グリザイユ画法を使ったイラストメイキングの後編です。

前回までは、人物の塗りまで進めました。

 

今回は背景の塗りと全体の光と影の調整を行います。

 

背景の着色

それでは背景を着色していきましょう。

背景に関するレイヤーはフォルダを作り、その中にレイヤーを入れるようにしましょう。

背景レイヤーの上に新規レイヤーを作成し、レイヤーブレンドをオーバーレイにします。

 

淡い茶色で背景全体を塗りつぶします。

 

さらに新規レイヤーを作成し、レイヤーブレンドを乗算にします。

 

背景の色を塗っていきます。

 

通常レイヤーに戻すとこのように色分けしています。

人物に色を塗るときはオーバーレイで行いましたが、背景は乗算でそれぞれのパーツを着色しました。

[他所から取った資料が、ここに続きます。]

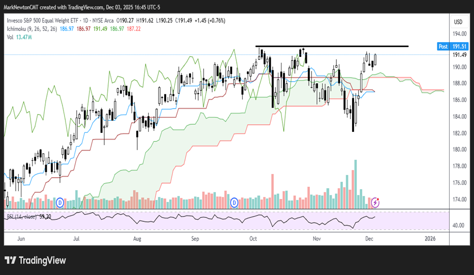However, with the chart below of RSP 0.76% , Invesco’s Equal-weighted S&P 500, the price now lies within 1 point of the fall highs of 192.33. This is thought to be an important level, and a breakout should arguably result in some strength in the broader market during the back half of December into January.

オーバーレイは塗ったところの色の彩度が上がるので、人物と背景全体でオーバーレイを使うと画面が明るくなりすぎてしまいます。

そのため、今回は乗算レイヤーを使って着色しています。

これで背景の着色が済みました。

 

もう少し背景に暗さが欲しかったので、新規レイヤーでレイヤーブレンドをスクリーンにして、少し濃い目の茶色で画面全体を塗りつぶしました(不透明度29%)。

これで背景の着色は一旦終了です。

次は人物を含めた全体の陰影を調整していきます。

 

 

全体の調整

それでは屋内の影と窓からの光を入れていきます。

屋内の影

人物フォルダの上に新規レイヤーを作成し、レイヤーブレンドを乗算にします。

 

画面全体を青系の色で塗りつぶします(不透明度は77%ぐらい)。

 

光が当たる部分を透明色で削っていきます。

 

通常レイヤーに戻して影を塗った部分を見てみましょう。

 

また、顔に影が落ちていると見づらいため、目の周りの影をエアブラシで削りました。

 

人物フォルダの中に新しく新規レイヤーを作成し、レイヤーブレンドを覆い焼きにします。

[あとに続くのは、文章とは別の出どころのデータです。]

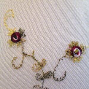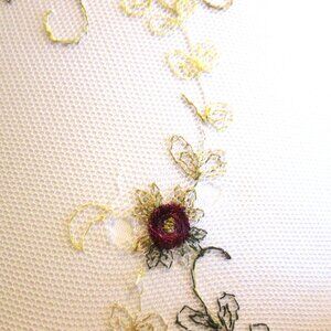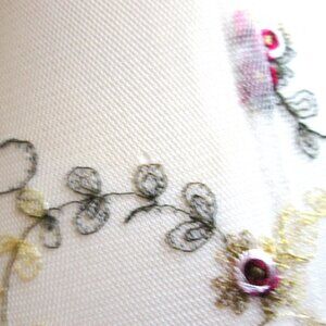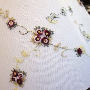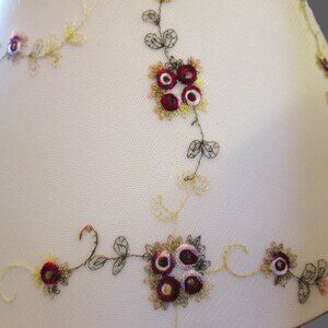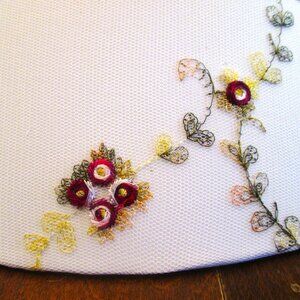 Vtg Embroidered pair of Off White lamp shades with spider hardware. Embroidery is delicate deep red with flower vines of greens beiges,grey and yellow. Lamp shades would be very nice for bedroom or living room spaces.There are two tiny spots of net that are thin. See in pictures last two. Believe they are on one lamp shade.

青系の色で人物のフチに光を入れ、背景の影の中から浮かび上がらせます。

 

背景側の影をもう一段暗くしておきます(不透明度は適宜調整して68%)。

これで全体の影入れは終わりです。

次は窓からの光を入れていきます。

 

 

窓からの光

新規レイヤーを作成してレイヤーブレンドを覆い焼きにし、光の当たる部分に色を付けていきます。

 

通常レイヤーに戻すと画像のような範囲で光を入れています。

 

次に窓ガラスを描き込みます。

覆い焼きレイヤーを作成して、明るめの青でガラスの反射部分を塗りましょう(レイヤーの不透明度は60%前後にしています)。

 

通常レイヤーに戻すとこのように色付けしています。

 

あとは細かい部分の光を調整します。

まず顔周りをオーバーレイで少しだけ明るくします。

 

また、カーテンの模様を通常レイヤーで描きこみます(不透明度65%前後で調整)。

 

最後に覆い焼きレイヤーで壁際を明るくして完成です。

 

 

グリザイユ画法を使うと簡単に陰影のついた色を塗ることができます。

あとは光源を意識して乗算レイヤーや覆い焼きレイヤーで調整するだけなので簡単です。

皆さんも試してみてくださいね。